## EXERCISE INPUT
▼

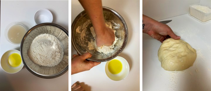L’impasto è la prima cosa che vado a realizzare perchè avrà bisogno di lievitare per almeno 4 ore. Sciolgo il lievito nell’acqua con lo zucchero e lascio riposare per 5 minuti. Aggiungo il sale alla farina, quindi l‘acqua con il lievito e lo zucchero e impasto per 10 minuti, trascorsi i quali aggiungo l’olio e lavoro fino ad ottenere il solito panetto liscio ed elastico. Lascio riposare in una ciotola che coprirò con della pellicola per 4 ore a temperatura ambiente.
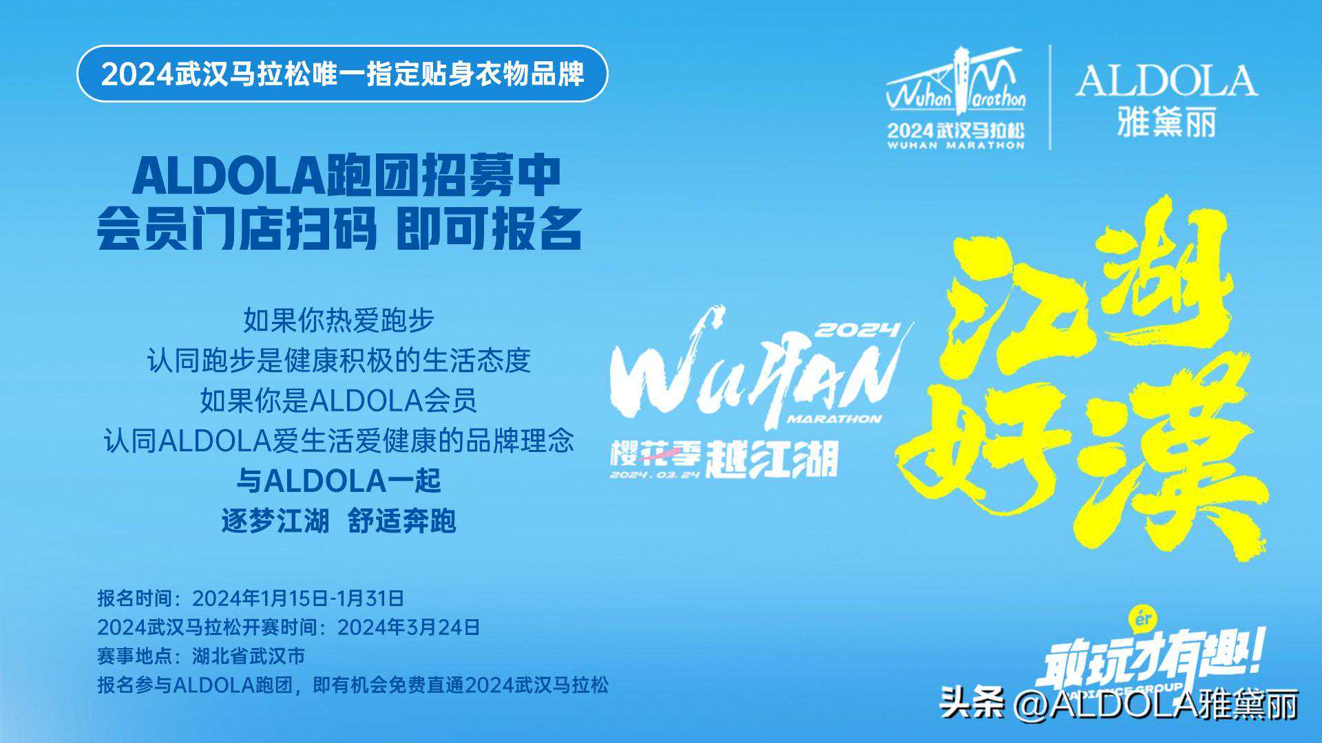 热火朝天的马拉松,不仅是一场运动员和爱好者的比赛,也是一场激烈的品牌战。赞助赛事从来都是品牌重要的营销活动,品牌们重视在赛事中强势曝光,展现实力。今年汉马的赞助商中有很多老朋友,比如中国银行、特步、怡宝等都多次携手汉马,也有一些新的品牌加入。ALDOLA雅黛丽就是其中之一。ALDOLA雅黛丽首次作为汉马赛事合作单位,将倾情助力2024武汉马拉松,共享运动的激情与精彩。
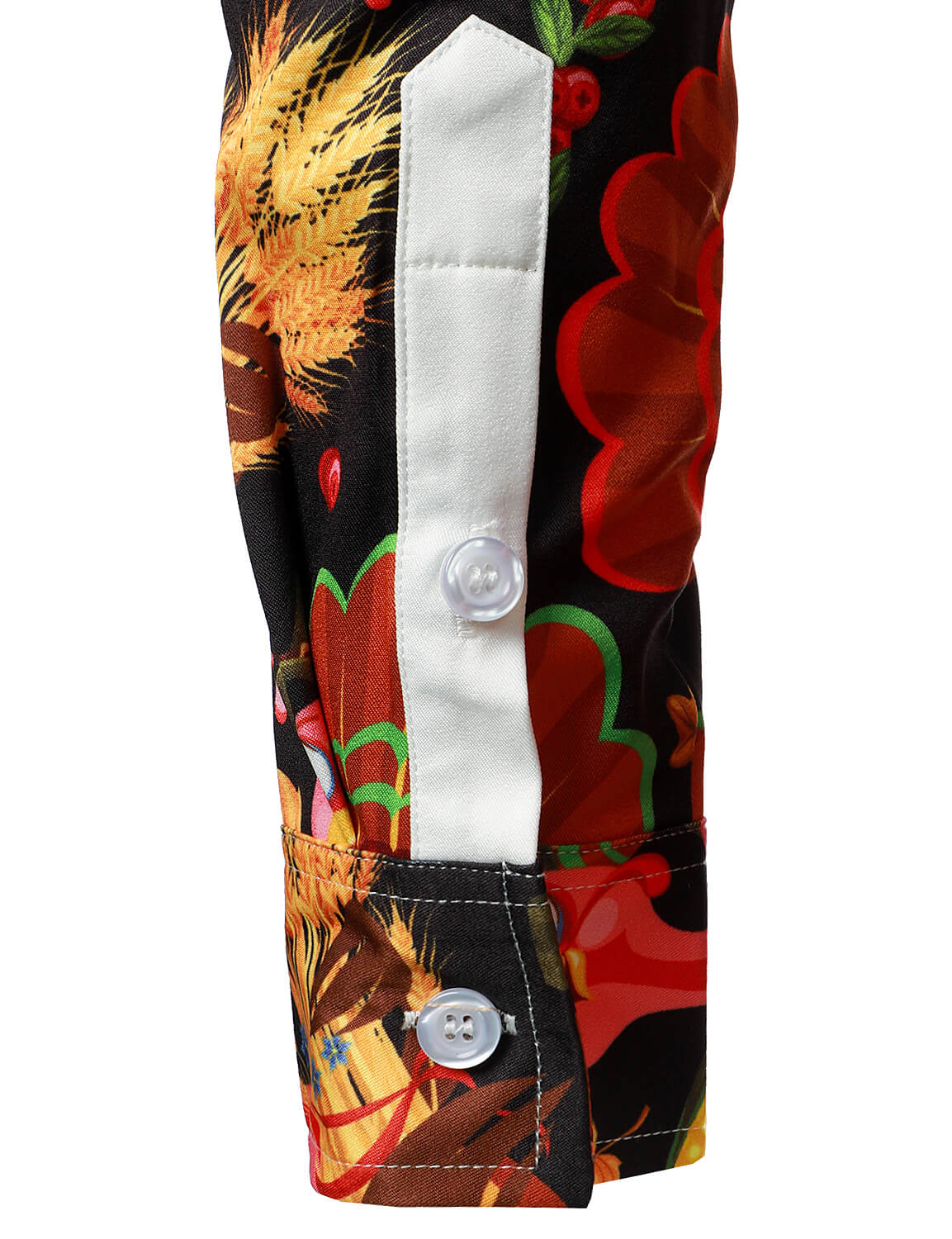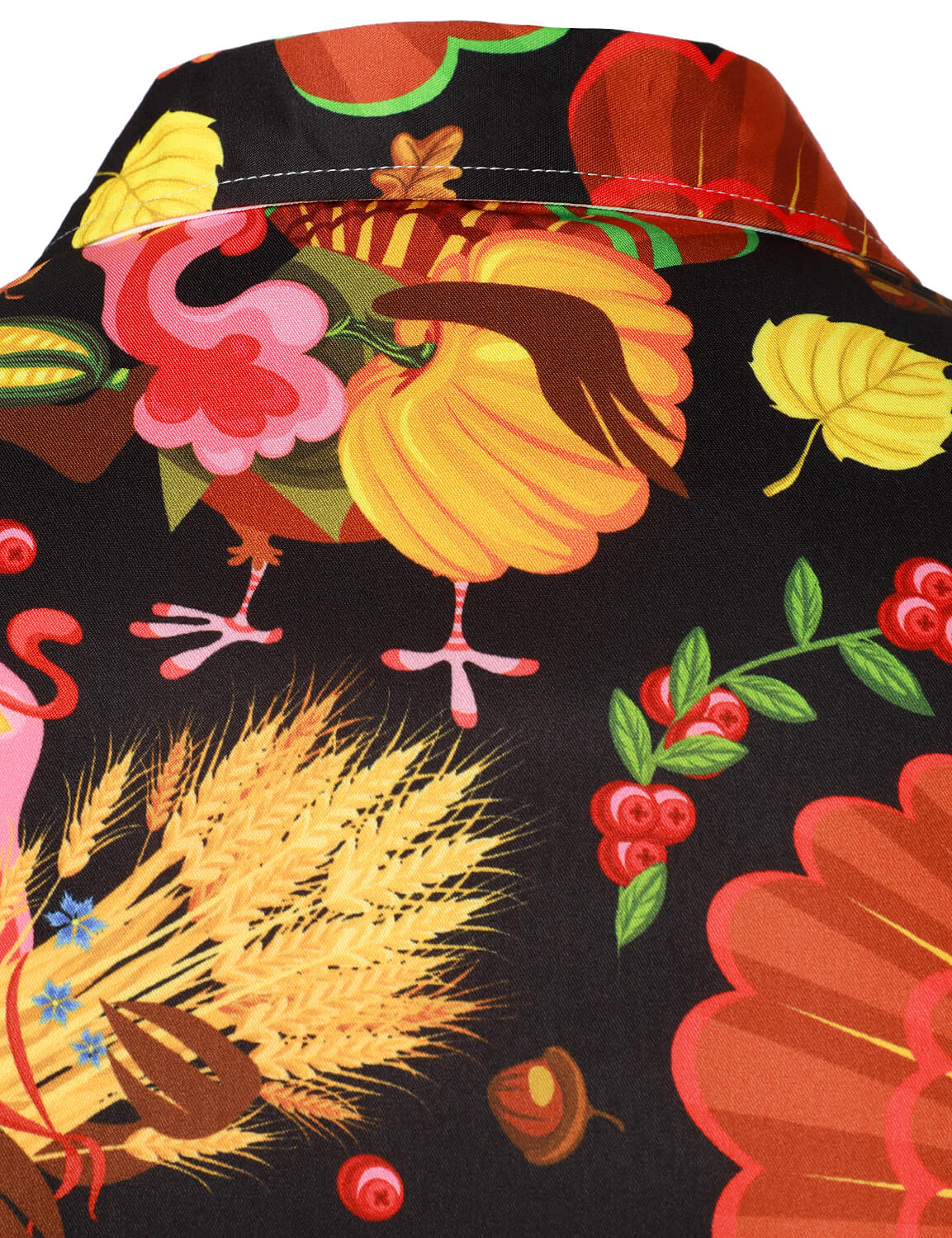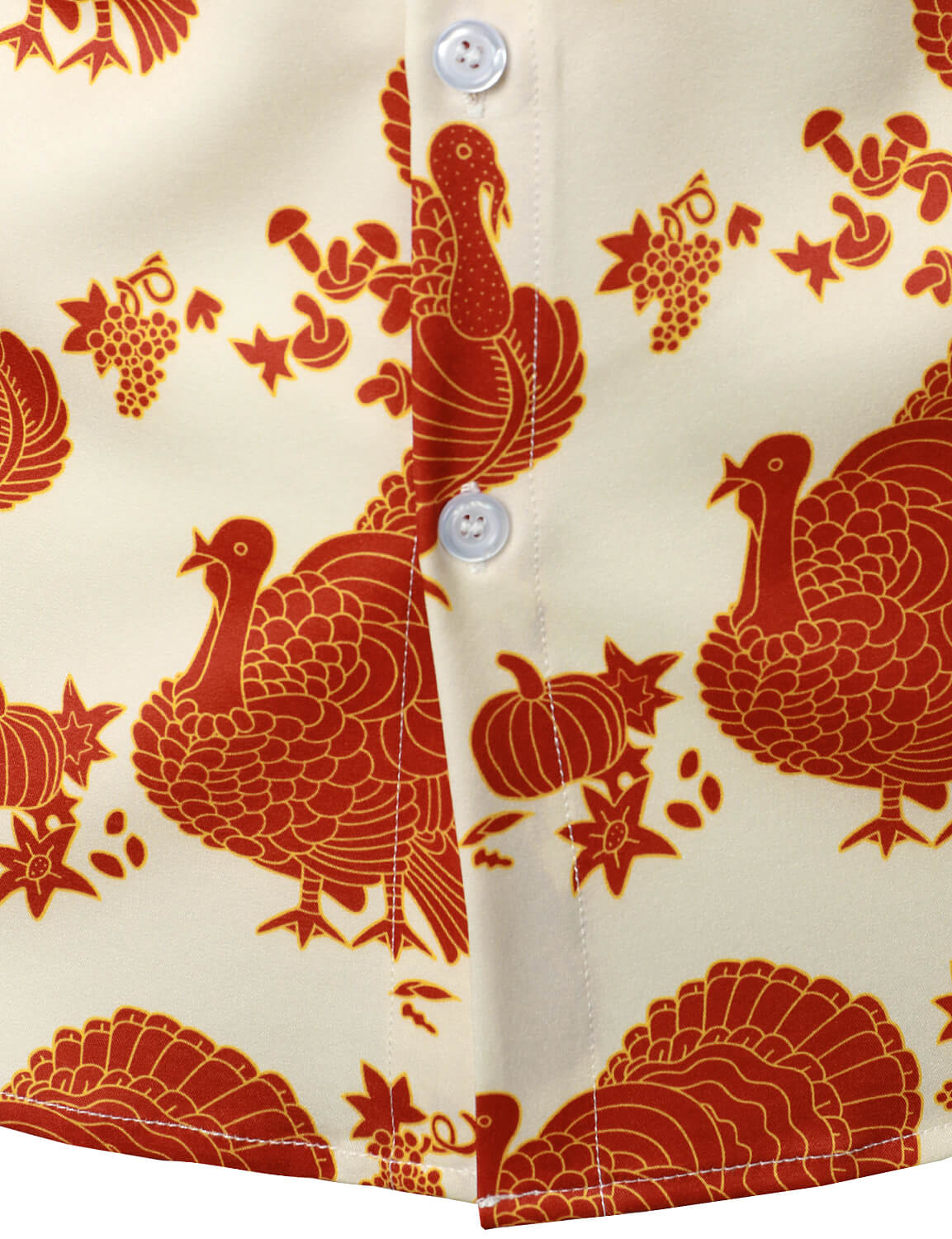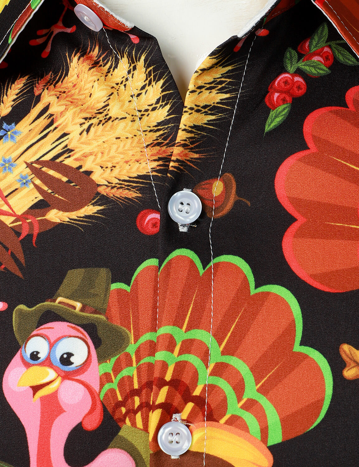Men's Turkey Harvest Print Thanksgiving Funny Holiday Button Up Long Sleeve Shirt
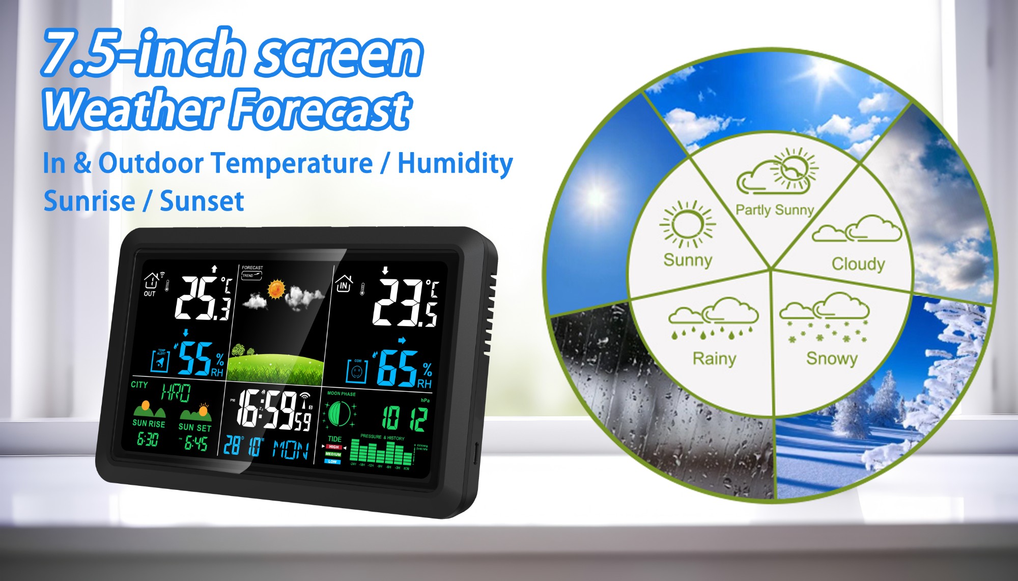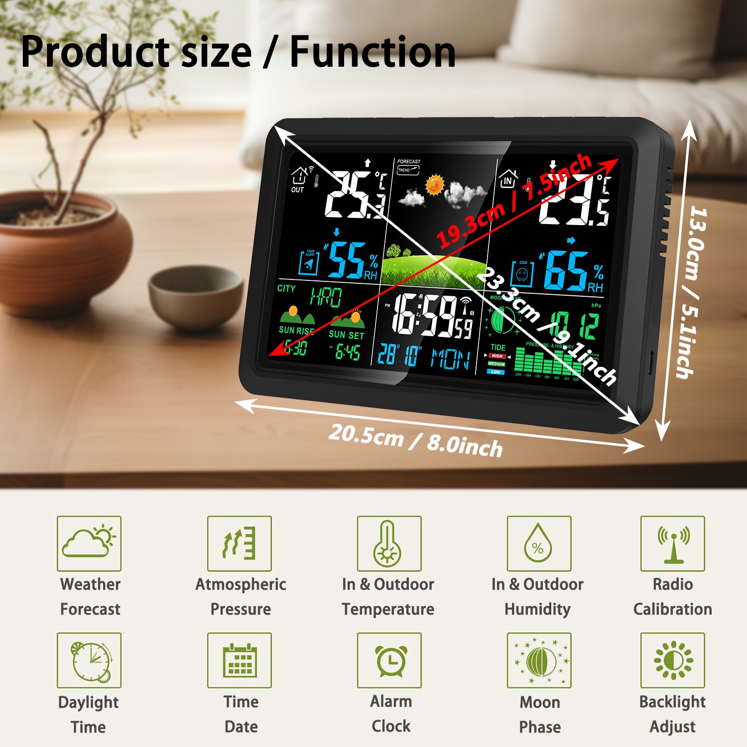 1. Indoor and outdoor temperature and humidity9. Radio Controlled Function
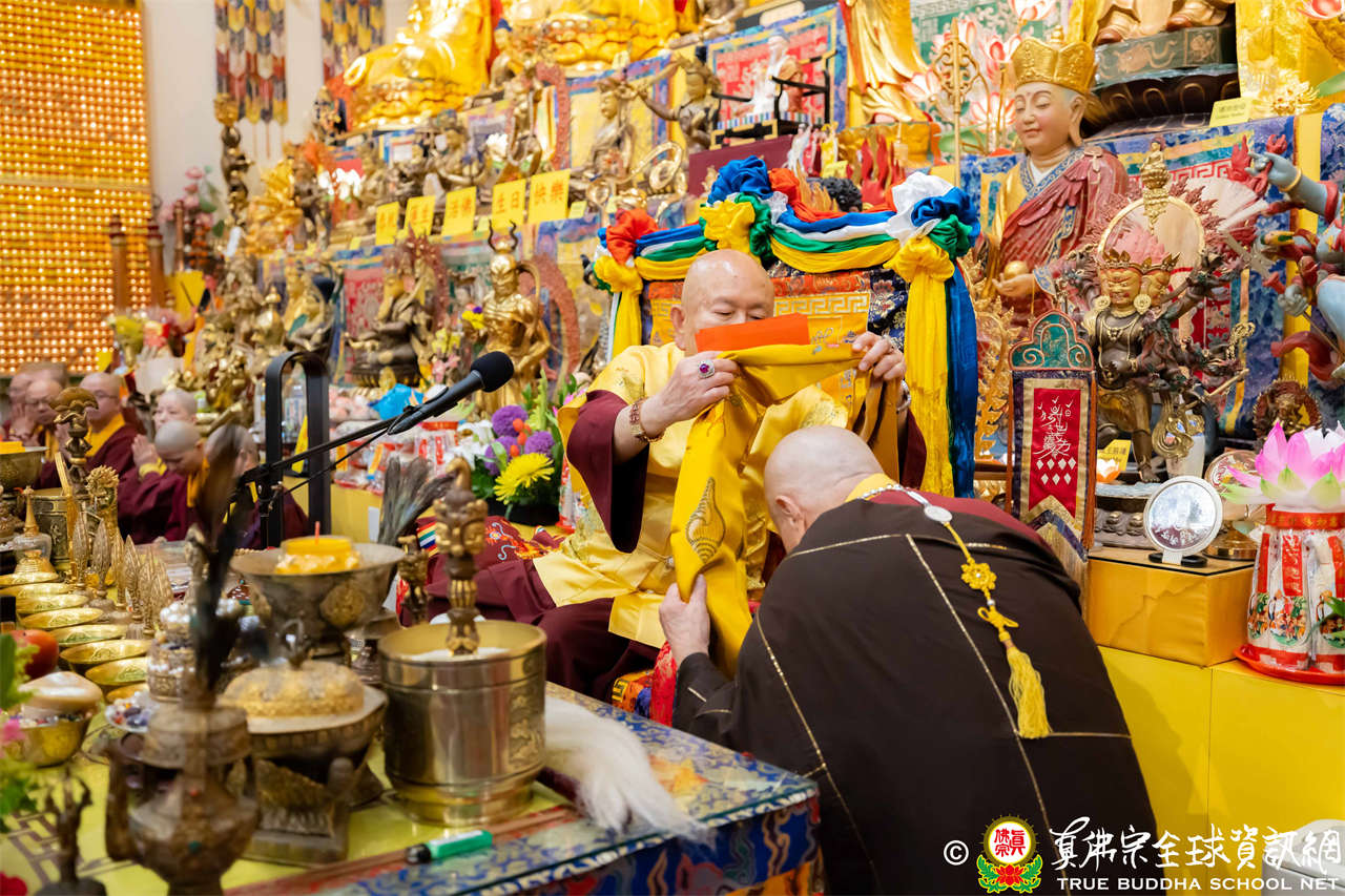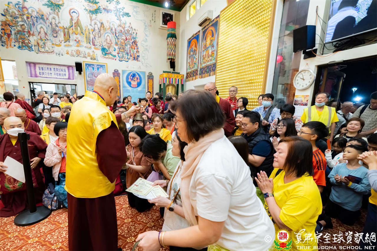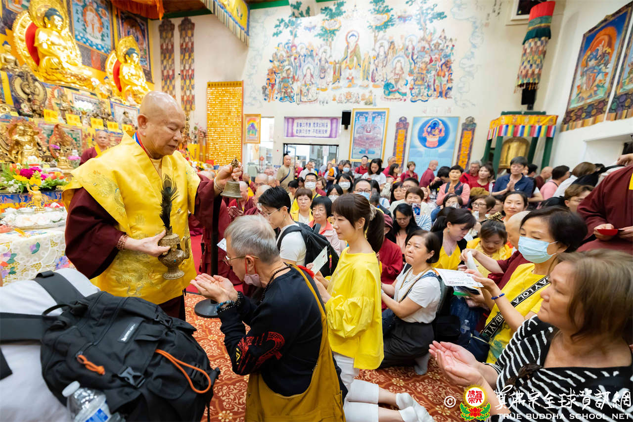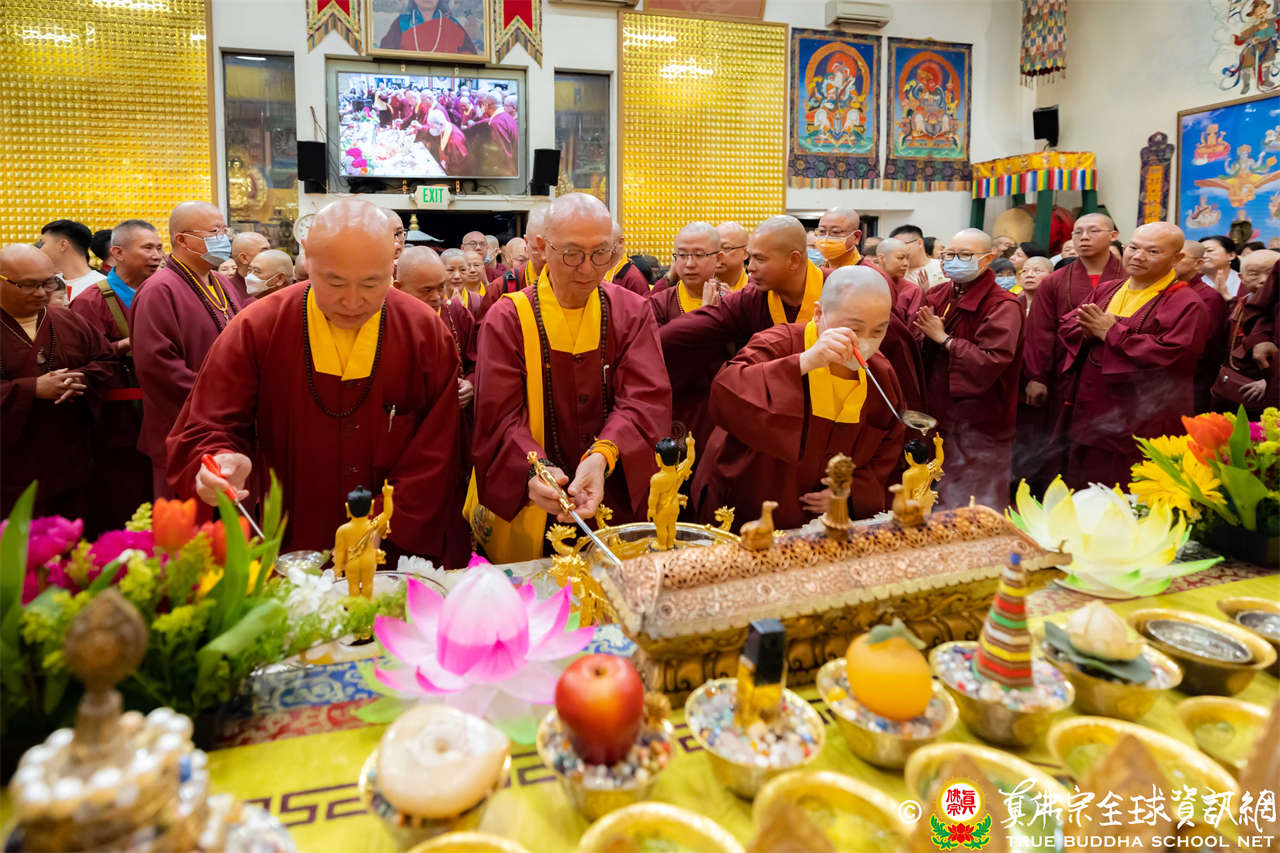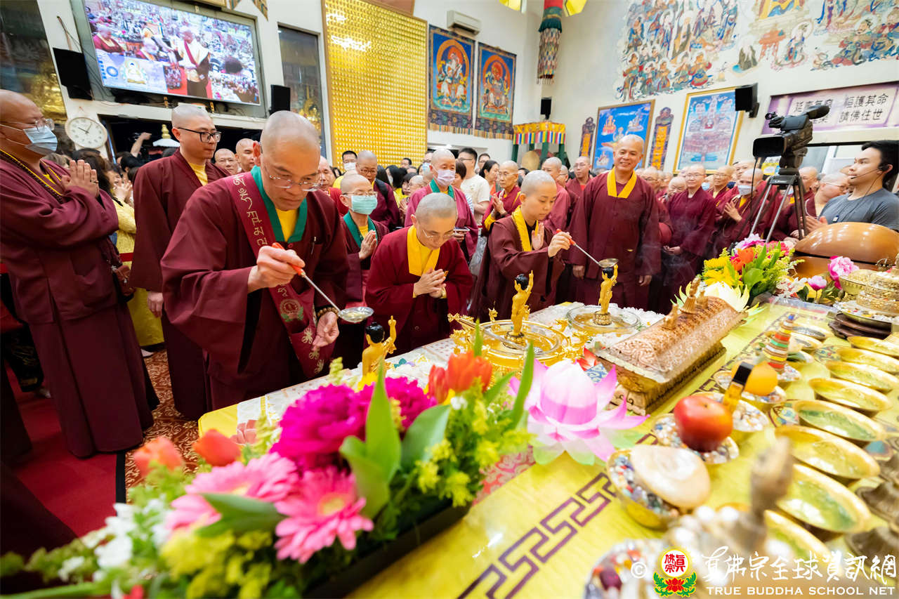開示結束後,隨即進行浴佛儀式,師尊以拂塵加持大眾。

▲

## WORK TO BE COMPLETED
Write out, word for word, the stretch of entries that begins at the line with "热火朝天的马拉松,不仅是一场" and ends at the line with "Men's Turkey Harvest". Pictures do not belong in it.

## RESULT OF THIS TASK
 热火朝天的马拉松,不仅是一场运动员和爱好者的比赛,也是一场激烈的品牌战。赞助赛事从来都是品牌重要的营销活动,品牌们重视在赛事中强势曝光,展现实力。今年汉马的赞助商中有很多老朋友,比如中国银行、特步、怡宝等都多次携手汉马,也有一些新的品牌加入。ALDOLA雅黛丽就是其中之一。ALDOLA雅黛丽首次作为汉马赛事合作单位,将倾情助力2024武汉马拉松,共享运动的激情与精彩。
Men's Turkey Harvest Print Thanksgiving Funny Holiday Button Up Long Sleeve Shirt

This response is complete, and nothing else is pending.